Identity Is Not Image

Brand identity is essential for distinguishing yourself from the competition, and reaching out to your target audience by crafting your brand identity distinctively using certain elements from your brand such as the logo, tagline, tone, or colours communicate a set of values that your brand represents to your audience.

It should not be confused with brand image as the two differ in the sense that brand identity is how you want your audience to perceive your brand or products while brand image is how they view it.

Brand identity is active and dynamic which means it can be projected and its effectiveness can be determined. This allows for changes and refinement on brand strategy to improve results. Successful brands manage to project a positive and coherent image into the minds of their consumers. All this has the purpose of strengthening the brand, and making it more recognisable and memorable, which will, in turn, result in creating a consistent, long-lasting impression of your name.

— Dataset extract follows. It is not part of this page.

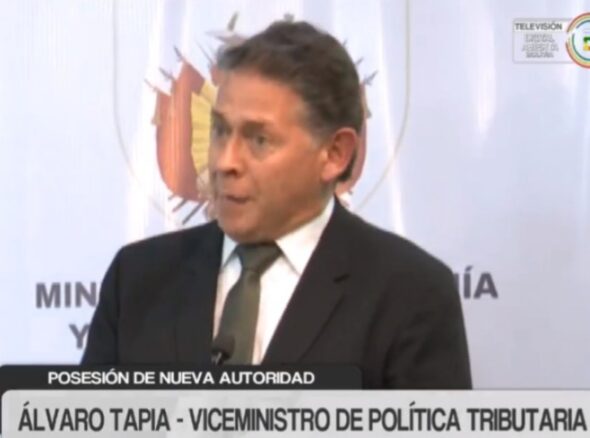 Álvaro Tapia fue posesionado este viernes como nuevo Viceministro de Política Tributaria con el desafío inicial de poner en marcha las medidas tributarias que acompañan el retiro de la subvención a los combustibles, establecidas en el decreto 5503, para favorecer a los agentes tributarios de Bolivia.

A powerful brand will have a positive brand image, and this will significantly affect its perceived quality, without which it would be virtually impossible to build customer loyalty and trust where they are seven times more likely to forgive brands if there is a mistake.

Since fostering customer loyalty is pivotal in growing your business, it is clear that you need to master this and work on establishing your brand identity accurately, build equity, acquire new customers, and keep your existing ones.

Brand Identity in a Hexagon

As branding is a complex and layered process, knowing and understanding the critical elements of a brand is a must to build a successful brand identity. During the mid-nineties, a professor of marketing strategy at HEC Paris named Jean-Noel Kapferer developed an idea of representing brand identity as a hexagonal shape with six facets examines the notion of brand identity that helps businesses build strong, enduring brand identities. 

It’s about creatively adapting to a different playbook to fuel growth as the economy recovers. How much a brand invests in maintaining the relationship with its customers during the crisis defines its long-term success.

Physique

This brings out the underlying physical characteristics of your brand and its role is to define how ideas and values behind your name will be visually personified from something abstract into something representational. This helps consumers associate the company with a set of visual details and elements.

Personality

Through its tone of voice, design and copywriting, this will determine how your brand expresses and communicates with your consumers.

Culture

The value system and the principles on which a brand bases its behaviour on its root of origins and its demographics.

Relationship

The relationship between your brand and your consumers and it is up to you how your brand connects with them and what human trait you would give to that relationship.

Self-image

Self-image is about how consumers of a brand see themselves where they buy brands to achieve the best version of themselves, and brands can benefit from incorporating this self-image into their identity.

Reflection

There is a subtle but substantial difference between self-image and reflection. Reflection might be described as a set of stereotypical notions of a brand’s customer base, used for promotional purposes, and highlighted in ads and commercials. It could be said that brand reflection represents the typical user of a brand.